When Senate Republicans filibustered the extension of emergency unemployment benefits on January 14, there didn’t seem to be much hope that the sides to come to an agreement.
Here’s the back story:
Republicans are open to extending unemployment benefits, but are demanding a spending offset to any deal. Two weeks ago, Democrats offered to extend the Medicare provider cuts in sequestration until 2024. Since these cuts fell outside of the 10-year budget window, the Congressional Budget Office (CBO) scored it as increasing the deficit by $17 billion. Conservatives rejected this offer, believing the cuts would never materialise.
Senate Minority Leader Mitch McConnell (R-Ky.) then tried to force a vote on his irrelevant amendment to delay the individual mandate and the whole process descended into a partisan fight over procedural rules.
Now, however, Democrats have offered a new way to pay for a three month extension of unemployment benefits: pension smoothing. This would reduce the amount that companies have to pay into their pension funds each year. This gives companies higher profits in the short-term, boosting tax revenue for the government.
But in the long-term, companies will have to increase their pension contributions, which will reduce their profits and decrease future tax revenues.

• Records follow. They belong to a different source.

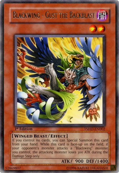 If you control no cards, you can Special Summon this card from your hand. While this card is face-up on the field, if your opponent's monster attacks a "Blackwing" monster you control, the attacking monster loses 300 ATK during the Damage Step only.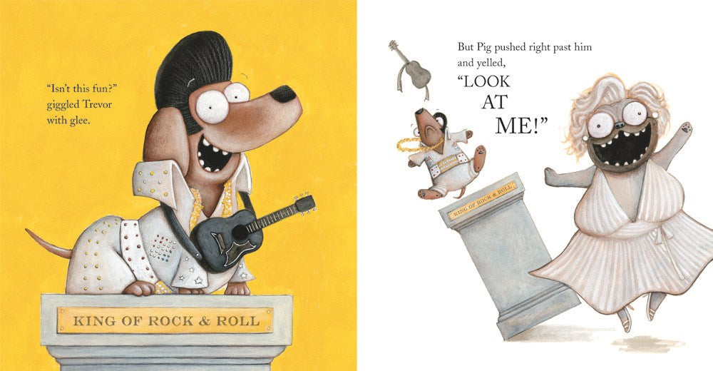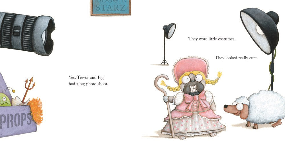 The world's most self-centered pug wants to be the star of a fun photo shoot. He pushes his good friend, Trevor, out of the way and hogs all of the costumes. He is going to be the star! But when the photographer starts to favor Trevor, Pig must try everything to steal back the show!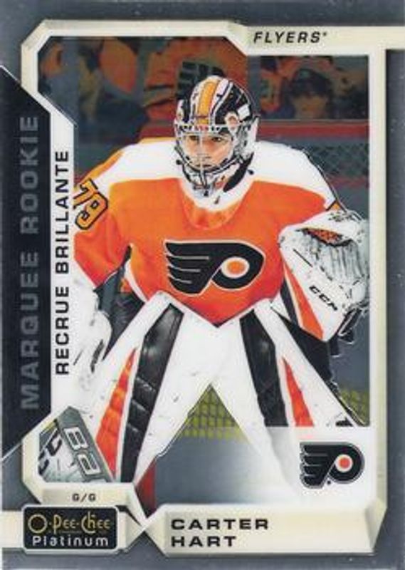 The Carter Hart 2018 O-Pee-Chee Platinum #199 Base Rookie card is 1 of 22 Carter Hart's card variations in the 2018 O-Pee-Chee Platinum set being tracked by Sports Card Investor, including Rainbow, Violet Pixels, Red Prism /199, Arctic Freeze /79, and Seismic Gold /50.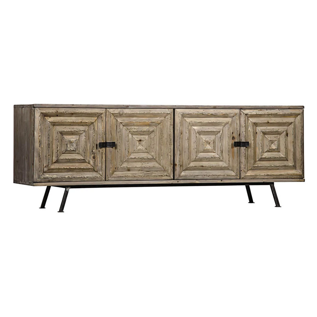 The Paria Sideboard has visual appeal with its geometrical four front doors. The fir wood has been finished with an old wood shade giving the Paria a well-loved, antique feel. The dark metal door hardware contrasts the wood and allows you to focus on the detailed doors.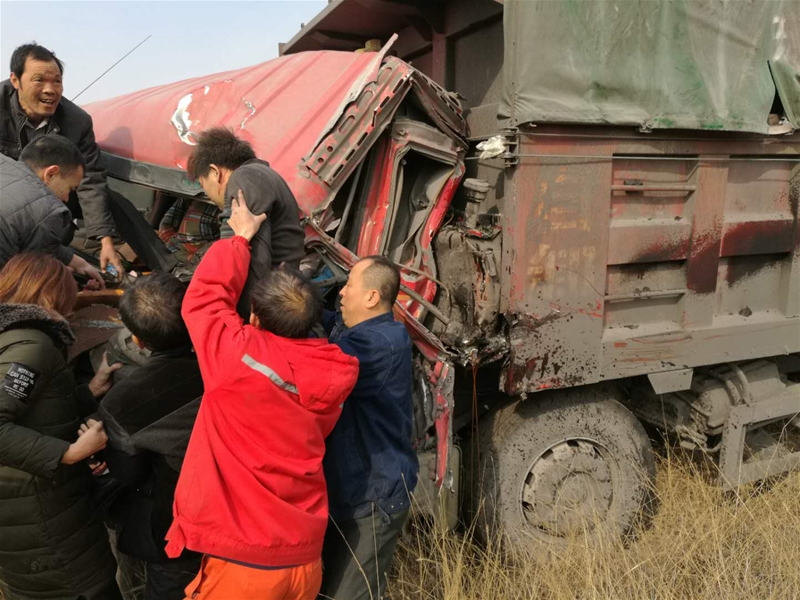 2017年11月的一天,他和同事出差前往山西省河津市對(duì)高鈣灰進(jìn)行市場(chǎng)調(diào)研。返回途中,他發(fā)現(xiàn)兩輛車(chē)因交通事故導(dǎo)致司機(jī)被擠壓在駕駛室內(nèi),一人已經(jīng)昏迷,另一人雙腿無(wú)法動(dòng)彈,頭部正在流血。他當(dāng)機(jī)立斷,喊了一嗓子“停車(chē),趕快幫忙救人!”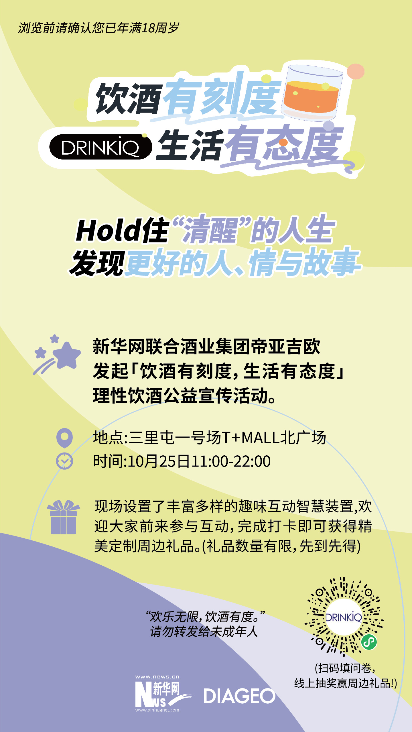 10月25日,新华网联合全球知名跨国酒业集团帝亚吉欧发起的“饮酒有刻度,生活有态度”理性饮酒公益宣传活动,将落地北京三里屯,通过一系列丰富、有趣的互动体验项目,与参与者一同感受“理性饮酒”的生活方式。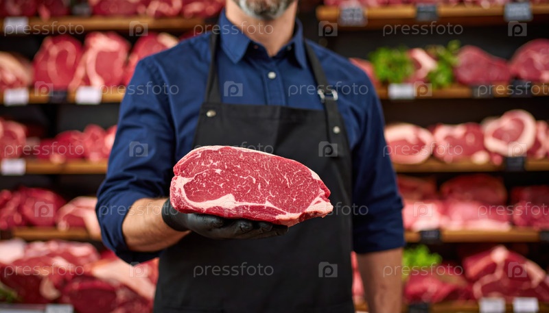 Мясник держит мраморный стейк в фокусе с фоном, наполненным мясными отрезками, символизирующими качество, свежесть и мастерство в розничной торговле продуктами питания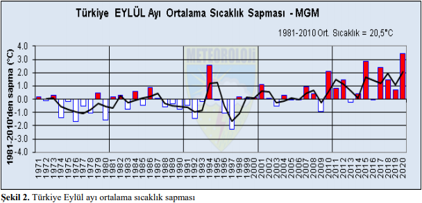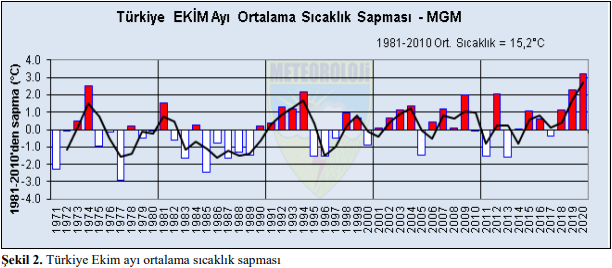 Küresel ısınmanın etkileri son birkaç senede tüm Dünya’da iyice belirginleşmeye başladı. Biz de Türkiye olarak payımıza düşeni, yaz mevsiminin hem ilkbahara hem sonbahara doğru uzaması, bunun yanında eski yazlara nazaran artan şiddetli hava olayları ve uzun süreli sıcak hava dalgalarıyla alıyoruz. Bu yıl küresel ısınmayla birlikte atmosferik örüntülerin de uzun süre bizi sıcak tarafta bırakmasından ötürü Ekim ayı sonlarına kadar neredeyse 5 ay kesintisiz yaz yaşadık. Bunun sonucunda 2020 yılının Eylül ve Ekim ayları, aşağıdaki görsellerden de görüleceği üzere, MGM tarafından 1971 yılından beri tutulan kayıtlara göre ülke genelinde son 49 yılın ayrı ayrı en sıcak eylül ve ekimi oldu. Bu aşırı sıcaklara yurdun büyük kesiminde kuraklık da eşlik etti.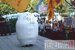 Поміж тим біля іншого входу до будівлі на урядовців чекав і невеликий «помаранчевий» натовп. Протилежний табір зустрічав кабмінівців саморобним яйцем з написом «Те саме, 2004» і дружно горлав «Ганьба!». Охороняли порядок під час «передвиборчо-виїзного» засідання Кабміну більше ста правоохоронців.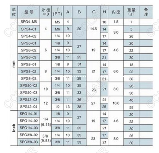 詳細信息 SPG4-M5,SPG4-01,SPG4-02,SPG6-01,SPG6-02,SPG6-03,SPG8-01,SPG3/8-03,內(nèi)牙直角快速接頭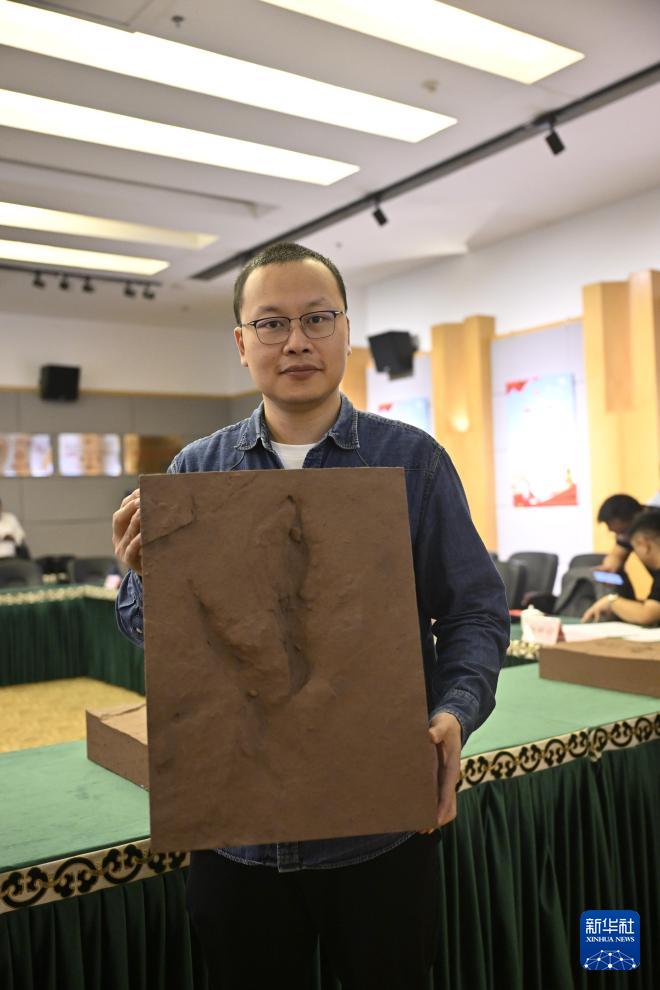 5月6日,中国地质大学(北京)副教授邢立达展示高精度恐爪龙足迹复原模型。新华社记者 李昊泽 摄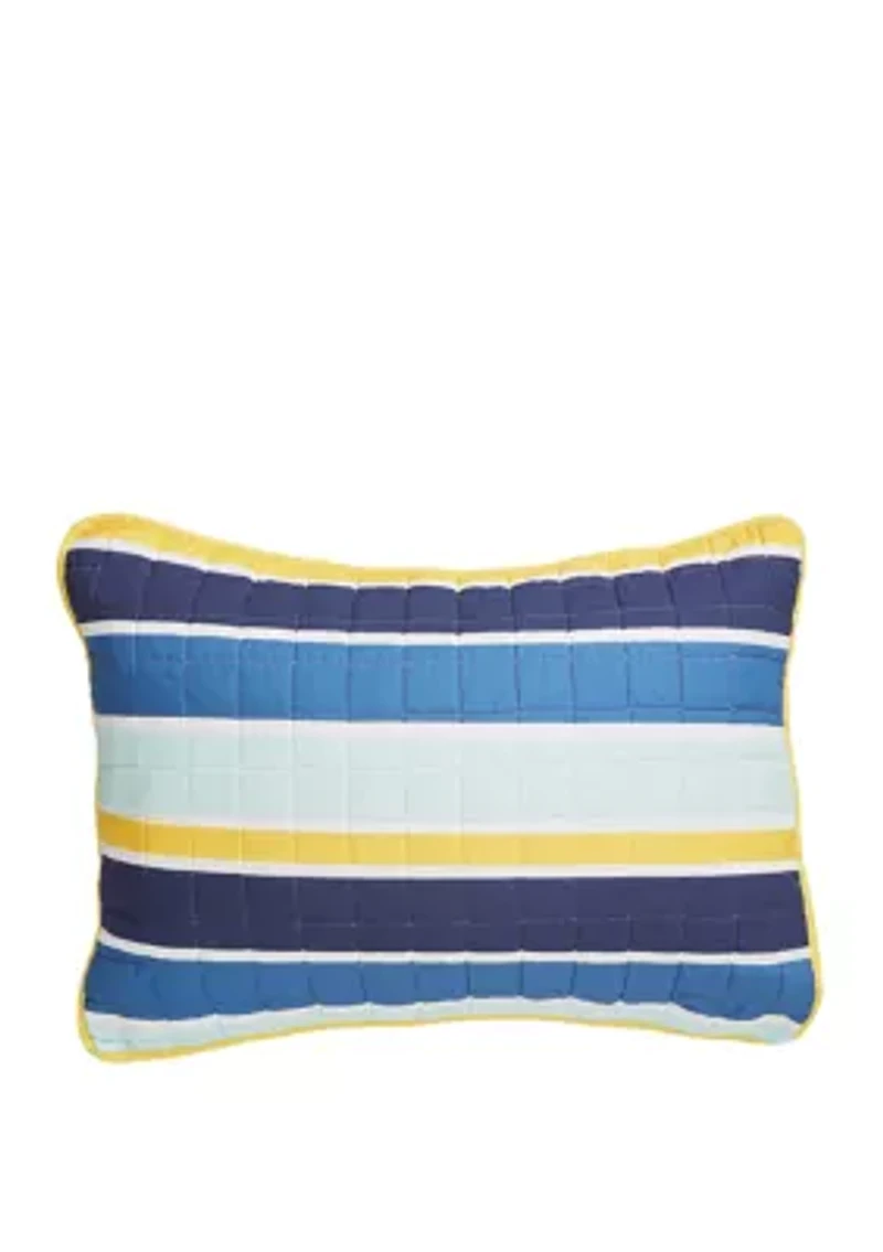 Designed with yellow and blue stripes, this sham by Crown & Ivy™ will lend a bright and cheerful touch to your bedroom decor. Tie closure Stripe pattern Imported Belk Exclusive Product Specifications 20 in x 26 in Material & Care Cotton Machine washable

It also allows companies to underfund their pensions, increasing the risk they will need help covering them from the government. The Committee for a Responsible Federal Budget (CRFB) rightly labels this a gimmick. It doesn’t actually offset the cost of the unemployment extension and only makes the pension system more unstable.
Over the 10-year budget window though, pension smoothing saves money since its costs don’t fully materialise until more than a decade from now.
Here’s a chart from the CRFB showing this:
So, Republicans rejected the Democrats’ original proposal of future Medicare provider cuts on the grounds that they were uncertain to materialise. But now, they are close to accepting a “pension funding” gimmick in which the savings are certain not to materialise.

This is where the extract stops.